• Exercise:
The reply should hold only the lines from the one with "Nesta primeira edição, o" to the one with "пульт USB теплый-белый", both ends kept, exactly as they appear below, without any pictures.
--- Records supplied Enclosed Below ---
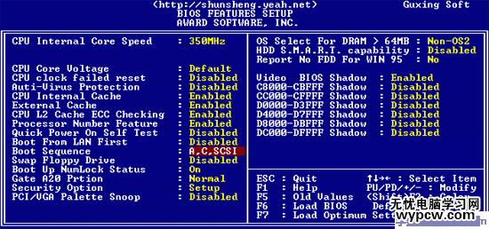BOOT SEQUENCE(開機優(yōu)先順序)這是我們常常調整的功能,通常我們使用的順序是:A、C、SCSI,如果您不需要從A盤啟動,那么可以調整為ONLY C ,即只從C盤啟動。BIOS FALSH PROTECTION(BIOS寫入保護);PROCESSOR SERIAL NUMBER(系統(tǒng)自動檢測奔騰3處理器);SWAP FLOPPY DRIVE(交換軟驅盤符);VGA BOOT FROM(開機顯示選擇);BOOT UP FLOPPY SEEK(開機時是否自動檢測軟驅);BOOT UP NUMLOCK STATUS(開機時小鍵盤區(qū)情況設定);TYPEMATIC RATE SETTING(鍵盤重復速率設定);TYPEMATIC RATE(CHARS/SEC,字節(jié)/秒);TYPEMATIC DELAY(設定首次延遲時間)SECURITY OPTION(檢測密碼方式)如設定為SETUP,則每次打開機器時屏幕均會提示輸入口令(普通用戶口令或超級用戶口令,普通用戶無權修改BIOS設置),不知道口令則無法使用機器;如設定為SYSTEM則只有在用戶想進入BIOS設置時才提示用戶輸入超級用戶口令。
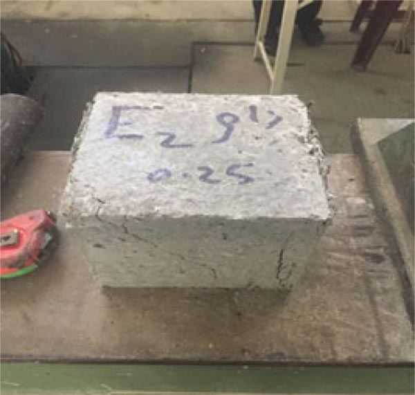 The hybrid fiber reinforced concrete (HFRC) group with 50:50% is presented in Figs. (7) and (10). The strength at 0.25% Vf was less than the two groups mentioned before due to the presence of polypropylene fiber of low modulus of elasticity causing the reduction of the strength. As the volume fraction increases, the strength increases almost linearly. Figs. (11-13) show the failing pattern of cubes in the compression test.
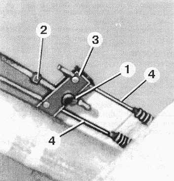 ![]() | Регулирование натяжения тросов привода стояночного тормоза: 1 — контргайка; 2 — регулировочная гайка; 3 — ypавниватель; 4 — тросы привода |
--- End of Enclosed Records supplied ---
--- Records supplied Enclosed Below ---
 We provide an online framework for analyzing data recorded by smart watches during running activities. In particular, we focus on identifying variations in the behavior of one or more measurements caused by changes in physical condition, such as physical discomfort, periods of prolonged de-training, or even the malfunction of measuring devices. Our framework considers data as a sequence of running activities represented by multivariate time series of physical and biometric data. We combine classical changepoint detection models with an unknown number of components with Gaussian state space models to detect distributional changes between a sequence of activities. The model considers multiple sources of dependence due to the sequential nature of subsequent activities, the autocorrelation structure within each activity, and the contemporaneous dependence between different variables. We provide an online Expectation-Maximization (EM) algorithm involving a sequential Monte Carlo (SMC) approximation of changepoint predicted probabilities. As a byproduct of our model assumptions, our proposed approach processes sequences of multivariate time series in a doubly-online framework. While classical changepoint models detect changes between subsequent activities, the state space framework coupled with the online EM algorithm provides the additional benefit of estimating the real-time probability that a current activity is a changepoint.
--- End of Enclosed Records supplied ---
--- Records supplied Enclosed Below ---
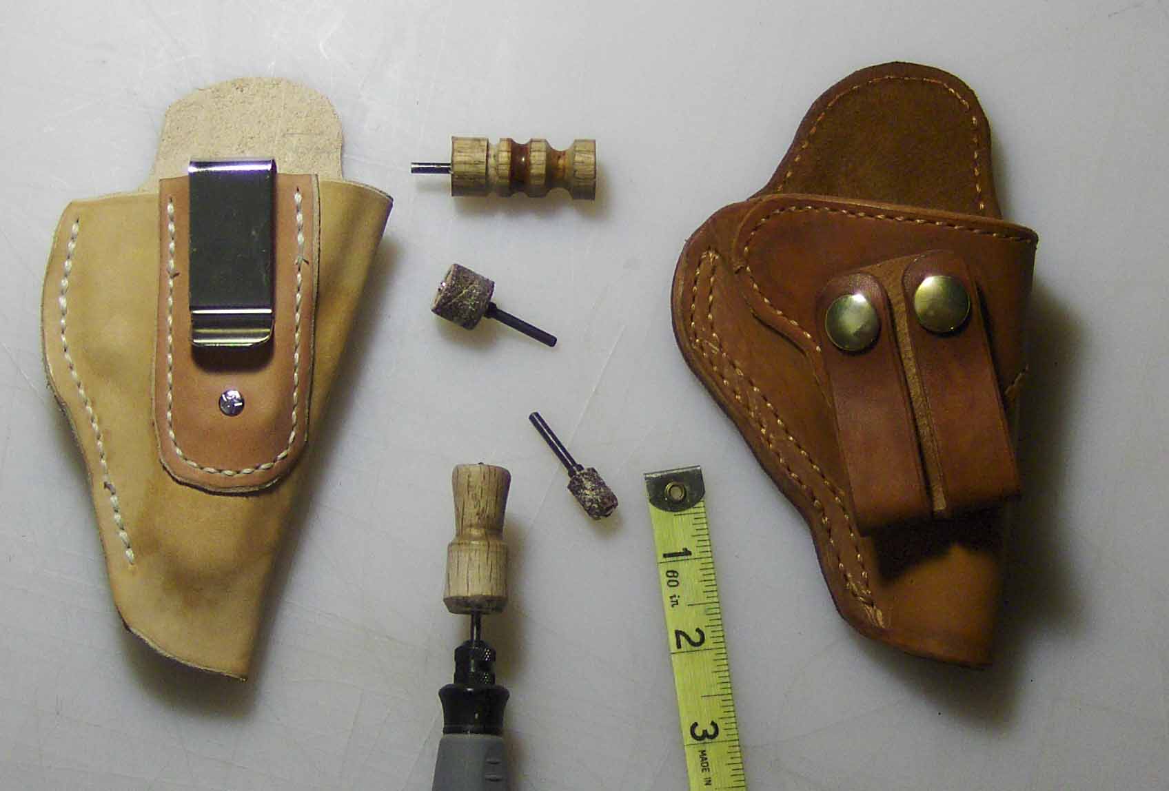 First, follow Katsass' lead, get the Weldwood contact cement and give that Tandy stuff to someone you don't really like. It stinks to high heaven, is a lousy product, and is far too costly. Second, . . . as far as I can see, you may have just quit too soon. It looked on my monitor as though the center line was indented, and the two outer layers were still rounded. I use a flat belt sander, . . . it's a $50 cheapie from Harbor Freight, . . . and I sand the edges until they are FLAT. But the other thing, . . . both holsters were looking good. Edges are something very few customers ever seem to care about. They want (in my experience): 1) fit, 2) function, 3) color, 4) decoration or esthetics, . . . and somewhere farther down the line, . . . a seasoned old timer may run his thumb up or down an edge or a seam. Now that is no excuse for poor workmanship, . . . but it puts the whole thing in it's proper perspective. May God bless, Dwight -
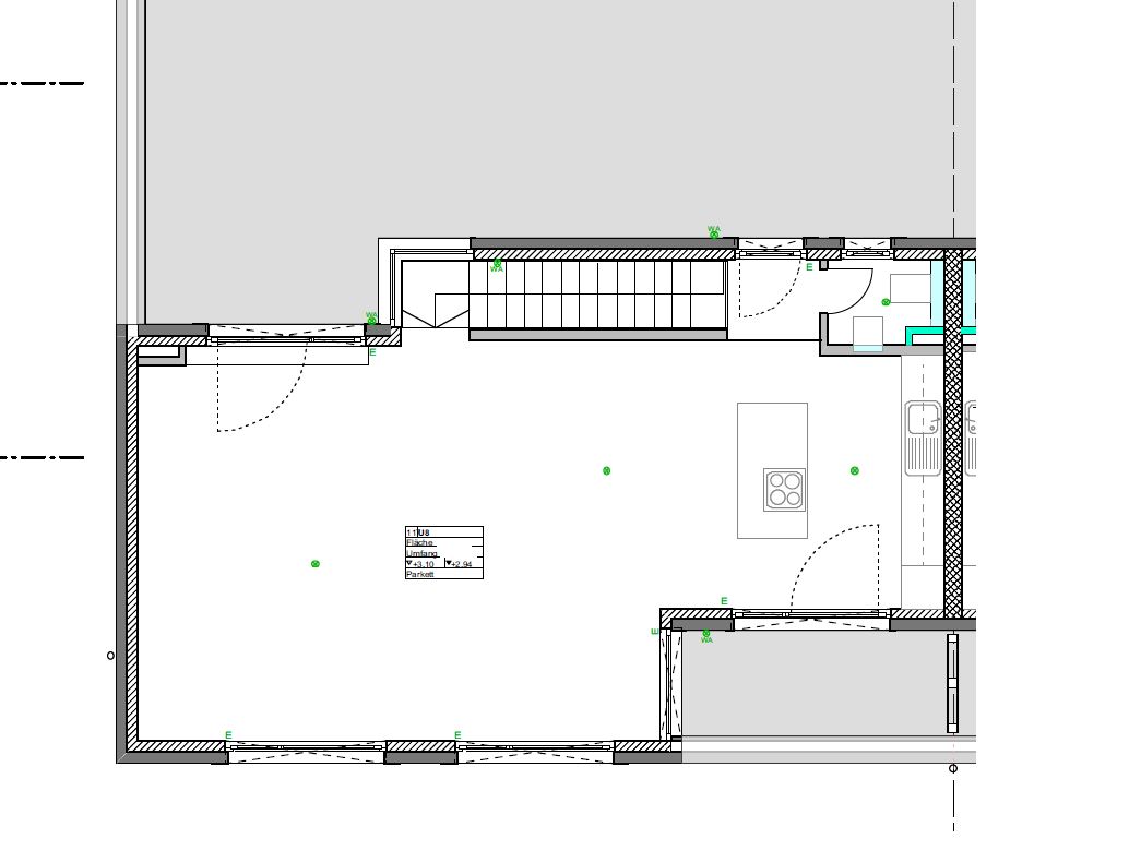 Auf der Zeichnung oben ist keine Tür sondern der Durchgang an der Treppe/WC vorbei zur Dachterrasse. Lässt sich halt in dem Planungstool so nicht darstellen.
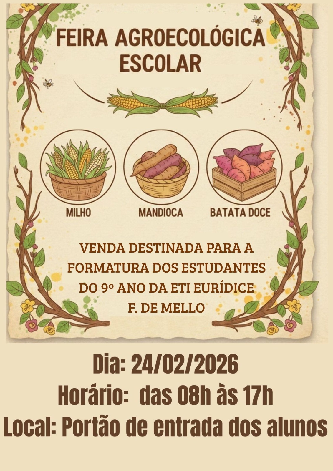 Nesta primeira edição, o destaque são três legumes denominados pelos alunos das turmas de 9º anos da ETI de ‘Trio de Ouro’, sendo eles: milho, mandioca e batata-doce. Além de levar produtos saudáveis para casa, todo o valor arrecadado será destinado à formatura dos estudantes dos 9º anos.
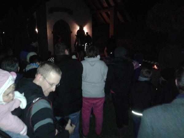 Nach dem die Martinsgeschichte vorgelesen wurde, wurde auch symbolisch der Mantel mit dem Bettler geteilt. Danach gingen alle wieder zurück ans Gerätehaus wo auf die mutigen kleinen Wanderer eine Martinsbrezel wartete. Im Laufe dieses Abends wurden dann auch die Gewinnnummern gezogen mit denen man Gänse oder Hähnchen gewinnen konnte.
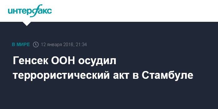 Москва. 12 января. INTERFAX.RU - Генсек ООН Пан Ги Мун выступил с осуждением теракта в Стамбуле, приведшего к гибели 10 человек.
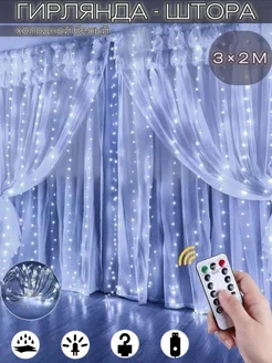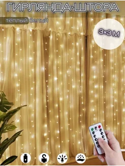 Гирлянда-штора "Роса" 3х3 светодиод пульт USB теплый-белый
--- End of Enclosed Records supplied ---
• Task output:
 Nesta primeira edição, o destaque são três legumes denominados pelos alunos das turmas de 9º anos da ETI de ‘Trio de Ouro’, sendo eles: milho, mandioca e batata-doce. Além de levar produtos saudáveis para casa, todo o valor arrecadado será destinado à formatura dos estudantes dos 9º anos.
 Nach dem die Martinsgeschichte vorgelesen wurde, wurde auch symbolisch der Mantel mit dem Bettler geteilt. Danach gingen alle wieder zurück ans Gerätehaus wo auf die mutigen kleinen Wanderer eine Martinsbrezel wartete. Im Laufe dieses Abends wurden dann auch die Gewinnnummern gezogen mit denen man Gänse oder Hähnchen gewinnen konnte.
 Москва. 12 января. INTERFAX.RU - Генсек ООН Пан Ги Мун выступил с осуждением теракта в Стамбуле, приведшего к гибели 10 человек.
 Гирлянда-штора "Роса" 3х3 светодиод пульт USB теплый-белый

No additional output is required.